For his part, the man doesn’t startle. He just lifts his chin and turns, his shoulders squared and his lips curved into a frown. “Yes?”

“I’m—I’m Maison. I’m friends with Travis.” I adjust my cap, letting him see my face a little better. “I’m Carter’s brother.”

A corner of his mouth lifts. “I thought you looked familiar. You’re one of the men who pulled a gun on me that night, aren’t you?”

I wince, having completely forgotten about that. It was such a brief moment, and his involvement was clouded by the worry for my brother and the confusion over the new knowledge that my brother was into kink despite his abuse.

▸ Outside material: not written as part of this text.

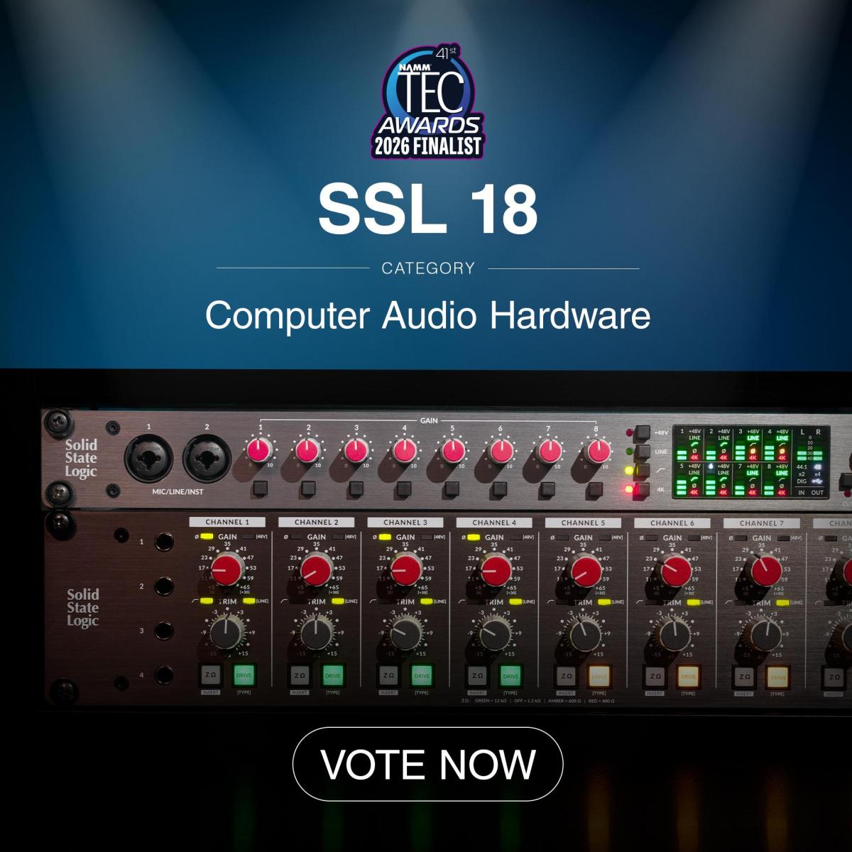 Das SSL 18, Finalist des TEC Awards in der Kategorie „Computer-Audio-Hardware“, läutet eine neue Ära der Rack-Produktionsttechnologie von SSL ein. Basierend auf dem unübertroffenen Know-how des Unternehmens im Bereich des analogen und digitalen Designs bietet das SSL 18 eine außergewöhnliche Audioleistung mit einem für Studio-Sessions optimierten Funktionsumfang, gepaart mit dem charakteristischen SSL-Sound und der erstklassigen Qualität, auf die Profis vertrauen. Ob beim Aufnehmen, Produzieren oder Abmischen – der SSL 18 optimiert Produktionsabläufe, steigert die Leistung und wird zum ultimativen Herzstück Ihres Studios.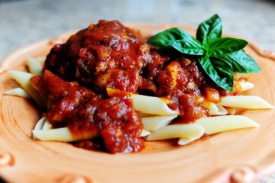 Окорочка, обжаренные в оливковом масле и запеченные в соусе маринара с луком и чесноком. Подавайте окорочка с соусом и пастой.

Sure, it was what brought Meridian into my life, what put him on my radar, but the details—like me pulling a gun on him until I was sure he wasn’t involved in hurting my brother, at least in a way that my brother didn’t want—had sort of dissolved in the shadow of everything else lately.

Well, this is awkward now.

“I… may have done that, yes. Um. Sorry about that.”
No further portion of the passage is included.